WHAT YOU NEED TO DO: An exact copy of the listing is required, with its pictures removed.

(MATERIAL PROVIDED begins)

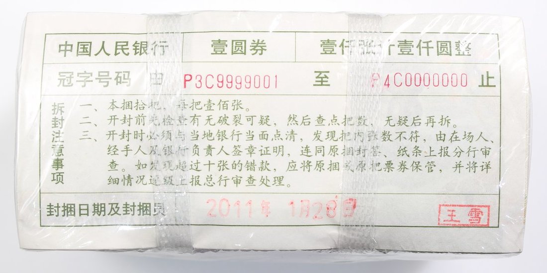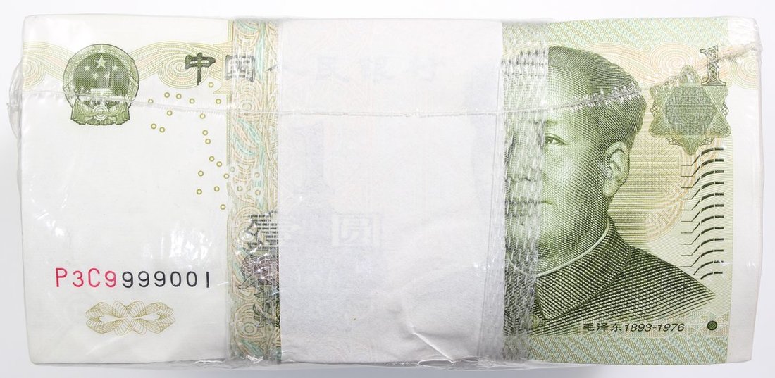 People's Bank of China, 1000x 1 yuan, 1999, serial numbers P3C9999001 to P4C0000000 including 9999999, uncirculated, sealed as issued (1000)
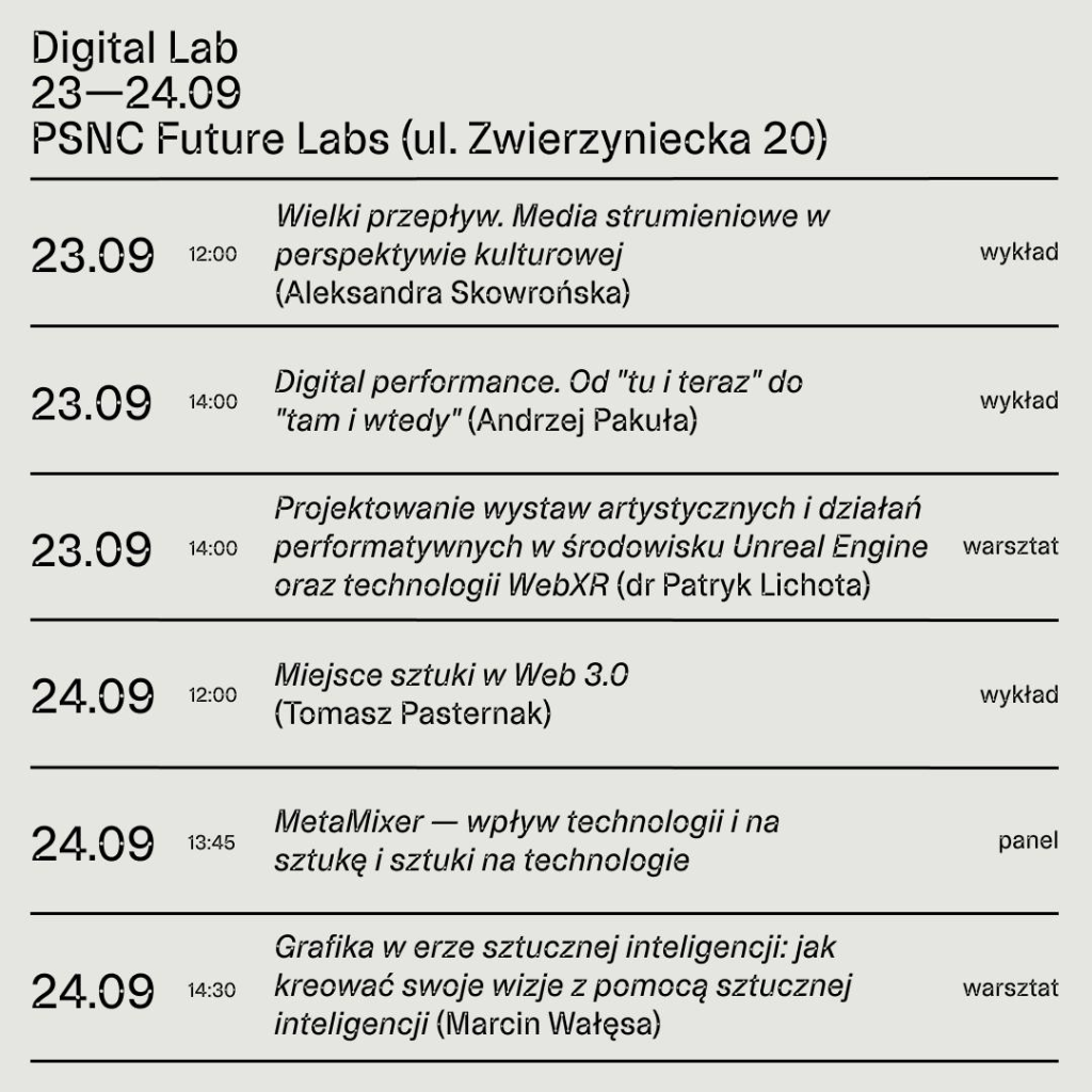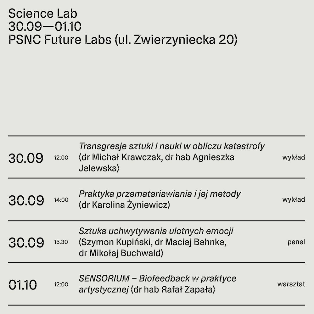 Art&Science Lab to cykl workshopów oraz wykładów dotyczących łączenia praktyk artystycznych technologicznych i naukowych. Tematyka realizowana w ramach trzech weekendowych spotkań to stosowanie immersyjnych technologii multimedialnych, Ai, interaktywność czy realizacja praktyk badawczo artystycznych i ich adaptacji w procesie twórczym i artystycznym.
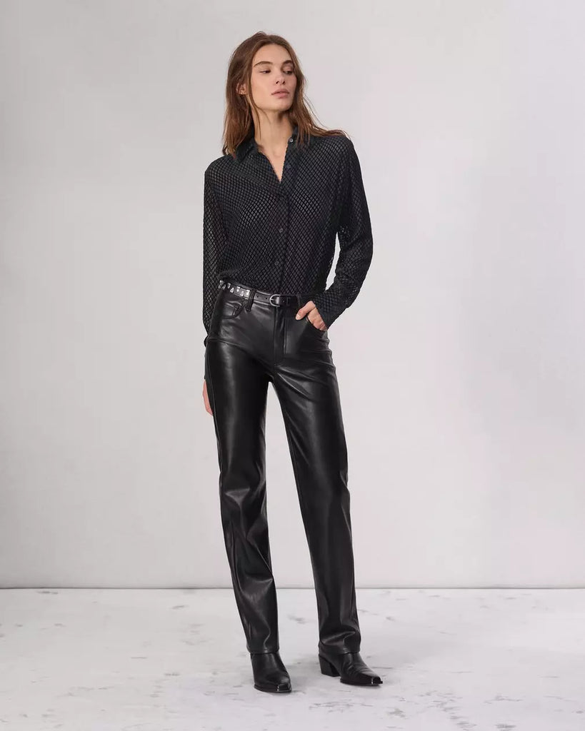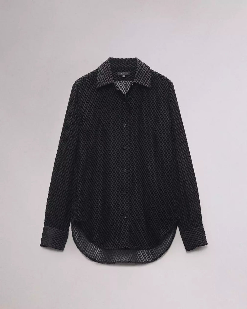 The Lila. This classic fitting shirt is buttoned up the front in our silk-viscose.
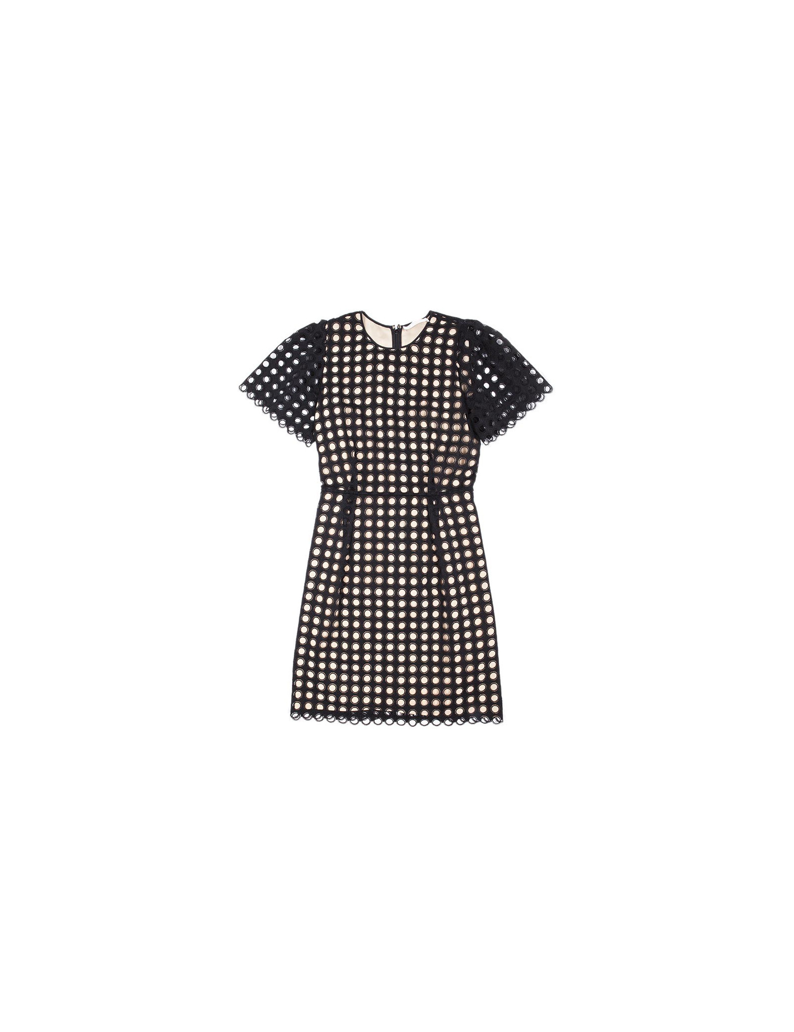 Robe fourreau à manches courte en coton noire et beige Chloé taille 34. Doublée de soie beige, la robe est discrètement zippée au dos. La partie supérieure est en coton et polyester. Très bon état
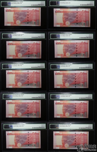 名稱: Lot98-9: PCGS-64/67EPQ*6/68EPQ*3-2005年香港壹佰圓(左順右順 十全大順012345-987654)共一套10張

(MATERIAL PROVIDED ends)

WORKED SOLUTION:
 People's Bank of China, 1000x 1 yuan, 1999, serial numbers P3C9999001 to P4C0000000 including 9999999, uncirculated, sealed as issued (1000)
 Art&Science Lab to cykl workshopów oraz wykładów dotyczących łączenia praktyk artystycznych technologicznych i naukowych. Tematyka realizowana w ramach trzech weekendowych spotkań to stosowanie immersyjnych technologii multimedialnych, Ai, interaktywność czy realizacja praktyk badawczo artystycznych i ich adaptacji w procesie twórczym i artystycznym.
 The Lila. This classic fitting shirt is buttoned up the front in our silk-viscose.
 Robe fourreau à manches courte en coton noire et beige Chloé taille 34. Doublée de soie beige, la robe est discrètement zippée au dos. La partie supérieure est en coton et polyester. Très bon état
 名稱: Lot98-9: PCGS-64/67EPQ*6/68EPQ*3-2005年香港壹佰圓(左順右順 十全大順012345-987654)共一套10張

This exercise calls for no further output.